A few years back I decided to attempt a search. I kept hitting dead end after dead end. Extremely frustrating and I felt the, consider my/her age, the clock was "ticking." Started to get a bit desperate and engaged the services of a professional. I know how may people feel about these services - I see your position. I did what I felt I had to do.
A few months ago they gave me a name that was "100%" accurate. Based on connections on Ancestry DNA, the pieces all fit.
I decided the best way to make contact was by phone. Seems she lives with her adult daughter (different Bfather). I decided to call during the day when she would be home alone (her daughter would be at work). That's where things all fell apart.
No one answers the phone and there didn't seem to be a machine. I called various times during the day - about 6 times over a two week period. No answer each time. Especially frustrating considering how difficult it was to dial the number each time.
Finally, someone answered the phone. I asked to speak with the person by name. I was asked "Can you call right back?" Odd request, but what the heck. I hung up, waited 30 seconds and dialed again. This time, someone else answered - apparently the daughter. Not very friendly at all. She said she lived with her mother, but gave no indication that the mother was home and did not offer to put her on the phone.
I told her this was a personal call (as opposed to a telemarketer) and I knew her mother from way back. She told me she would tell her mother to call me back... but never offered to take a callback number. I had to ask her to take it, which she did very begrudgingly and with no small amount of attitude. This made me fairly certain the message was never delivered. Even it if was, it would have no meaning as I gave my real (adopted) name. Of course, I never heard back.
I considered writing a letter. Based on my best guesses, I am 99% certain the same daughter will open the letter. I would like to avoid that situation.
I have found sisters/brothers of my BMom. Trying to reach them has become a similar surreal experience. A sister that I thought would be easy to contact turns out to have a disconnected phone number.
I'm sure I found her older brother and called his number today. A man answered and I stated "Hi, I'm trying to reach xxx." He responded with odd yelling noises and then hung up the phone.
I had always thought the problem would be "what to say" when I made contact. All this work to finally have a name, address and phone number and I can't get anyone to speak to. The whole situation is odd.

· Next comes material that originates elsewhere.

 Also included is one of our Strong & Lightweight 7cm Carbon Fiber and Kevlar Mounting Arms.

Look like I am back to the letter scenario. As I am sure that the daughter will "intercept" it, I think getting to the point is even more crucial. It is just hard to write something without any bitterness when I know the daughter is going to read it. There's likely something strange going on in that family, but I still can't hep taking the whole thing a little personal.

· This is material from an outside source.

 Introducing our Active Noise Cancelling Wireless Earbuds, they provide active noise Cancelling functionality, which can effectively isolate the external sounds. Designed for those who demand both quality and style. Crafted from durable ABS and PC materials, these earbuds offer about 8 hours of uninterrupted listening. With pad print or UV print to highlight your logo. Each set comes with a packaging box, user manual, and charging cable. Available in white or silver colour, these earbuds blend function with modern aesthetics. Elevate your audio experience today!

My "last resort" effort is to send a letter via Fedex - that will let me know that it arrived and who signed for it. I would spell out who I am and that I have been trying to make contact.
Any ideas or advice? Better ways of going about this? How I should approach the letter?
Thanks in advance.
There definitely seems to be something odd going on there. If the situation was my own, I would visit the house in person. It will be harder for the daughter to dismiss you if you are standing on the front porch. If something happens to your birth mother before you have made successful contact, you will probably kick yourself for not going by. Please keep me updated on the situation. Best of luck getting through.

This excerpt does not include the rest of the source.